Responder analysis for improvement in 6-min walk test with ferric carboxymaltose in patients with heart failure with reduced ejection fraction and iron deficiency

Abstract

Aim: Improving functional capacity is a key goal in heart failure (HF). This pooled analysis of FAIR-HF and CONFIRM-HF assessed the likelihood of improvement or deterioration in 6-min walk test (6MWT) among iron-deficient patients with chronic HF with reduced ejection fraction (HFrEF) receiving ferric carboxymaltose (FCM).

Methods and results: Data for 760 patients (FCM: n = 454; placebo: n = 306) were analysed. The proportions of patients receiving FCM or placebo who had ≥20, ≥30, and ≥40 m improvements or ≥10 m deterioration in 6MWT at 12 and 24 weeks were assessed. Patients receiving FCM experienced a mean (standard deviation) 31.1 (62.3) m improvement in 6MWT versus 0.1 (77.1) m improvement for placebo at week 12 (difference in mean changes 26.8 [16.6-37.0]). At week 12, the odds [95% confidence interval] of 6MWT improvements of ≥20 m (odds ratio 2.16 [1.57-2.96]; p < 0.0001), ≥30 m (2.00 [1.44-2.78]; p < 0.0001), and ≥40 m (2.29 [1.60-3.27]; p < 0.0001) were greater with FCM versus placebo, while the odds of a deterioration ≥10 m were reduced with FCM versus placebo (0.55 [0.38-0.80]; p = 0.0019). Among patients who experienced 6MWT improvements of ≥20, ≥30, or ≥40 m with FCM at week 12, more than 80% sustained this improvement at week 24.

Conclusion: Ferric carboxymaltose resulted in a significantly higher likelihood of improvement and a reduced likelihood of deterioration in 6MWT versus placebo among iron-deficient patients with HF. Of the patients experiencing clinically significant improvements at week 12, the majority sustained this improvement at week 24. These results are supportive of FCM to improve exercise capacity in HF.

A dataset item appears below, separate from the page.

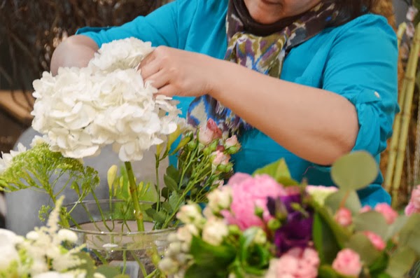 Una mesa llena de flores nos estaba esperando a Keyla de Tendencias de Bodas, a Isabel de Petit Mafalda y a mi Presume de Boda, para empezar a aprender a hacer un ramo de novia. Lo primero que nos hicieron saber en Verde Pimienta es que cuando quedan con una novia hay que escucharla, conocerla, saber todos los detalles de la boda y así poder asesorarla y darle el ramo de su boda, SU RAMO.

Keywords: 6-min walk test; CONFIRM-HF; FAIR-HF; Ferric carboxymaltose; Heart Failure; Responder.

Figure 1

Mean change from baseline in 6‐min walk test (6MWT) with ferric carboxymaltose (FCM) versus placebo at weeks 12 and 24 – fixed‐effects model. Least‐square (LS) mean difference based on a fixed‐effects mixed model for repeated measures analysis adjusted for study, baseline 6MWT score, age, estimated glomerular filtration rate, diabetes status, sex, and left ventricular ejection fraction. Since only six patients are from Latin America and the remainder are from Europe, region was not included in the model. In FCM and placebo groups, patient numbers were 418 and 289, respectively, at week 12 and 415 and 283, respectively, at week 24. CI, confidence interval; SD, standard deviation.

Figure 2

Responder analyses across minimal clinically important difference thresholds for 6‐min walk test (6MWT). Odds ratios (ORs) with 95% confidence intervals (CIs) and p‐values were obtained from logistic regression models, including treatment group, study, and the following baseline factors: 6MWT distance, age, estimated glomerular filtration rate, diabetes status, sex, and left ventricular ejection fraction. Patients were from Europe and Latin America, but since only six patients were from Latin America, region was not included in the model. Patients who had died or were hospitalized at weeks 12 and 24 were counted as deteriorated/non‐responder at the respective time point. FCM, ferric carboxymaltose; PBO, placebo.

Figure 3

Response stability analysis – change in 6‐min walk test (6MWT) response between week 12 and week 24. Patients who had died or were hospitalized at weeks 12 and 24 were counted as deteriorated/non‐responder at the respective time point. N = the number of patients that had non‐missing 6MWT information available at both week 12 and week 24. Changes in 6MWT at week 12 and week 24 are with respect to baseline. FCM, ferric carboxymaltose.